As tarifas de pedágio nas rodovias concedidas do estado de São Paulo terão reajuste geral de 4,72% a partir de 1º de julho de 2026, conforme homologação da Agência de Transporte do Estado de São Paulo (Artesp) publicada no Diário Oficial de sexta-feira (26). O aumento atinge a maior parte das concessões e é baseado na variação do IPCA entre junho de 2025 e maio de 2026.
O reajuste será aplicado às concessionárias da primeira e segunda fases do Programa Estadual de Concessões, além das empresas Autoban, Intervias, Rota das Bandeiras, Rodovias das Colinas, CART, ViaRondon, SPVias, Rodovias do Tietê, Ecovias dos Imigrantes, Ecovias do Leste Paulista, Rodoanel Oeste, SPMAR e Entrevias. O objetivo, segundo a Artesp, é recompor a inflação do período e manter o equilíbrio econômico-financeiro dos contratos de concessão.

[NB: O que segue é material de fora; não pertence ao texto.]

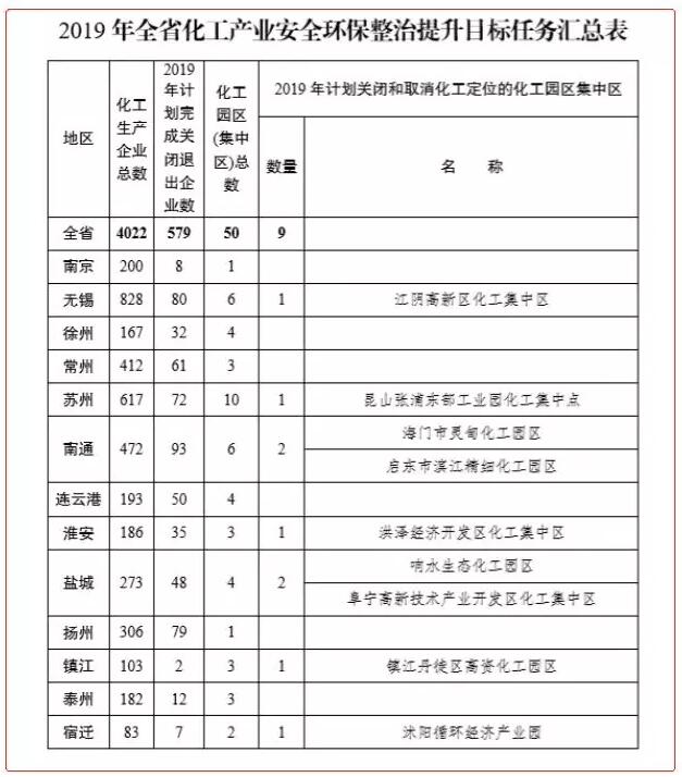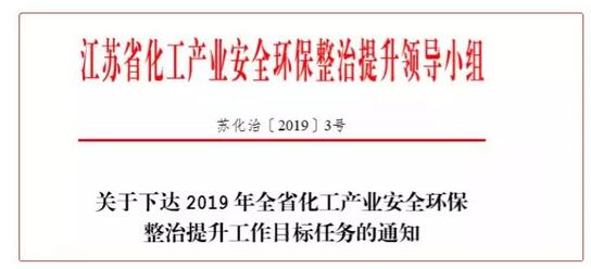 江蘇省化工產(chǎn)業(yè)安全環(huán)保整治提升領(lǐng)導(dǎo)小組,下發(fā)一則關(guān)于下達(dá)2019年全省化工產(chǎn)業(yè)安全環(huán)保整治提升工作目標(biāo)任務(wù)的通知。

Na prática, o aumento será sentido nos principais corredores rodoviários do estado, que conectam a capital ao interior e ao litoral paulista. As novas tarifas entram em vigor à 0h de 1º de julho, com exceção da Entrevias, que terá reajuste a partir do dia 6 de julho, conforme previsto em contrato.
Na Rodovia dos Tamoios, o reajuste será de 5,08%, de forma provisória, até a divulgação do IPCA de junho pelo IBGE. Após a consolidação do índice, os valores poderão ser ajustados pela agência reguladora.
Pedágio mais caro do País
O valor do pedágio do Sistema Anchieta-Imigrantes (SAI) será reajustado em 4,91% em julho. Com o aumento, a tarifa nas rodovias Anchieta (SP-150) e Imigrantes (SP-160) passará de R$ 38,70 para R$ 40,60, mantendo-se como a mais alta do país.
Pedágio reduzido
Apesar do cenário predominante de alta, o governo paulista também anunciou reduções pontuais em algumas praças do interior, dentro de uma reestruturação do modelo de cobrança. Municípios como Jaguariúna, Águas da Prata, Estiva Gerbi, Espírito Santo do Pinhal, Itobi, Casa Branca, Mococa e Aguaí terão quedas nas tarifas, com destaque para Jaguariúna, onde a redução chega a 50%.
Segundo o governo do Estado, as mudanças fazem parte de uma política de modernização das concessões rodoviárias, com revisão de modelos tarifários e correção de distorções regionais.